## PROBLEM TO WORK ON
Retype each line below precisely and omit all images.

## INPUT DATA
******

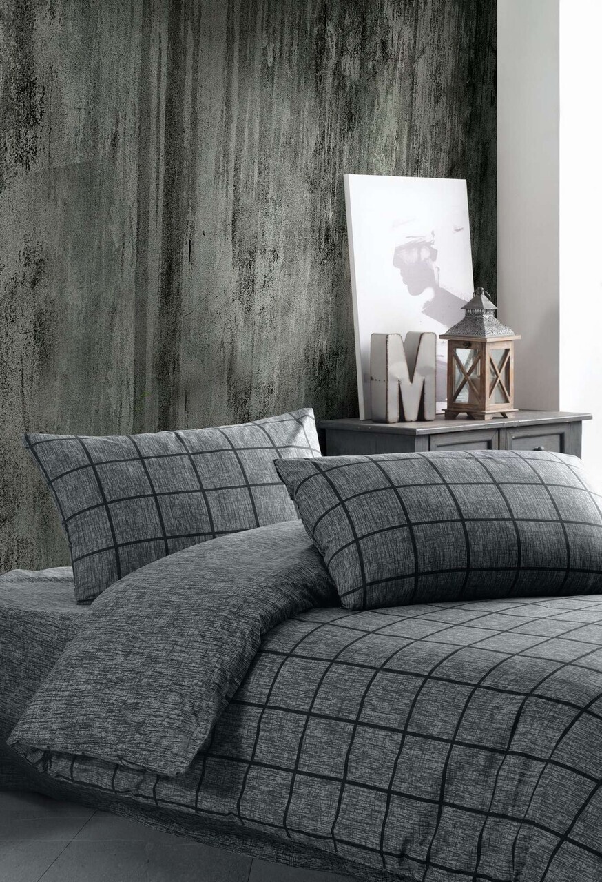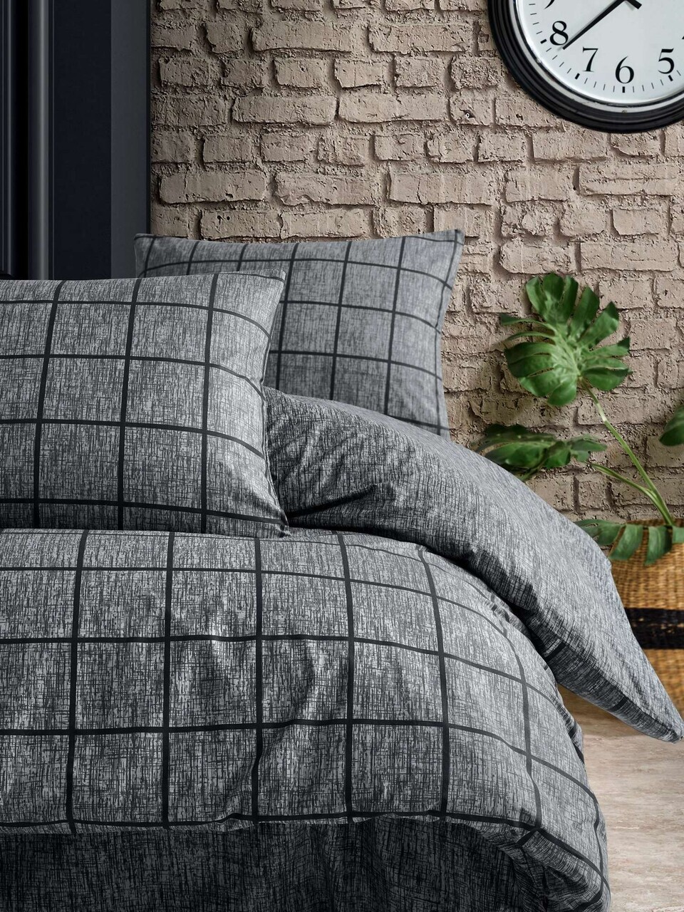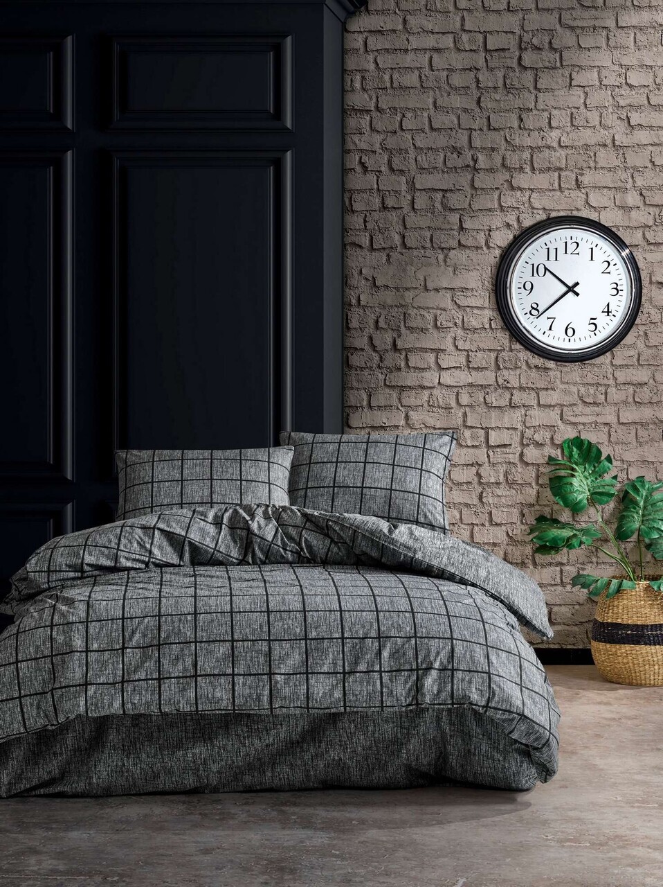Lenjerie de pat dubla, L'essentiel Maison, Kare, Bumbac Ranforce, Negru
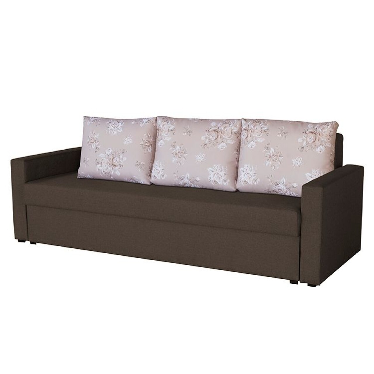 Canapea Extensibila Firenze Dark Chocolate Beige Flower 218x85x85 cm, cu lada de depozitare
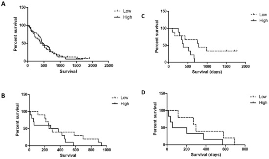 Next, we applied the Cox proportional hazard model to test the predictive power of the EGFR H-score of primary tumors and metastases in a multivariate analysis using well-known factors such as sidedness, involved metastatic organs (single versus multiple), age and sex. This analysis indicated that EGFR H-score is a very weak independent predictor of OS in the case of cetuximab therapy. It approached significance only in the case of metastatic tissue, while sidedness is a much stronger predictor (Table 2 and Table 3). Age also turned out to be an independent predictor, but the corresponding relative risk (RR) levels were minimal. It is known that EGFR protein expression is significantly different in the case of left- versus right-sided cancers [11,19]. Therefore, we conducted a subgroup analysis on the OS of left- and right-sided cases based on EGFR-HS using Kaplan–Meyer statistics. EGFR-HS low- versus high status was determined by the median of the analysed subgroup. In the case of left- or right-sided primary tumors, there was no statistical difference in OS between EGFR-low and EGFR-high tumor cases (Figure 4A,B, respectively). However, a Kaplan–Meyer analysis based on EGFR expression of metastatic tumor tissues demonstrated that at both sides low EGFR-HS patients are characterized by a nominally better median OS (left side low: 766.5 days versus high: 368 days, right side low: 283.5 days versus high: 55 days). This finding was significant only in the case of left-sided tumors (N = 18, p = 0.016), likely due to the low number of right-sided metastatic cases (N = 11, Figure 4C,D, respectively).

******

## TASK RESULT
Lenjerie de pat dubla, L'essentiel Maison, Kare, Bumbac Ranforce, Negru
 Canapea Extensibila Firenze Dark Chocolate Beige Flower 218x85x85 cm, cu lada de depozitare
 Next, we applied the Cox proportional hazard model to test the predictive power of the EGFR H-score of primary tumors and metastases in a multivariate analysis using well-known factors such as sidedness, involved metastatic organs (single versus multiple), age and sex. This analysis indicated that EGFR H-score is a very weak independent predictor of OS in the case of cetuximab therapy. It approached significance only in the case of metastatic tissue, while sidedness is a much stronger predictor (Table 2 and Table 3). Age also turned out to be an independent predictor, but the corresponding relative risk (RR) levels were minimal. It is known that EGFR protein expression is significantly different in the case of left- versus right-sided cancers [11,19]. Therefore, we conducted a subgroup analysis on the OS of left- and right-sided cases based on EGFR-HS using Kaplan–Meyer statistics. EGFR-HS low- versus high status was determined by the median of the analysed subgroup. In the case of left- or right-sided primary tumors, there was no statistical difference in OS between EGFR-low and EGFR-high tumor cases (Figure 4A,B, respectively). However, a Kaplan–Meyer analysis based on EGFR expression of metastatic tumor tissues demonstrated that at both sides low EGFR-HS patients are characterized by a nominally better median OS (left side low: 766.5 days versus high: 368 days, right side low: 283.5 days versus high: 55 days). This finding was significant only in the case of left-sided tumors (N = 18, p = 0.016), likely due to the low number of right-sided metastatic cases (N = 11, Figure 4C,D, respectively).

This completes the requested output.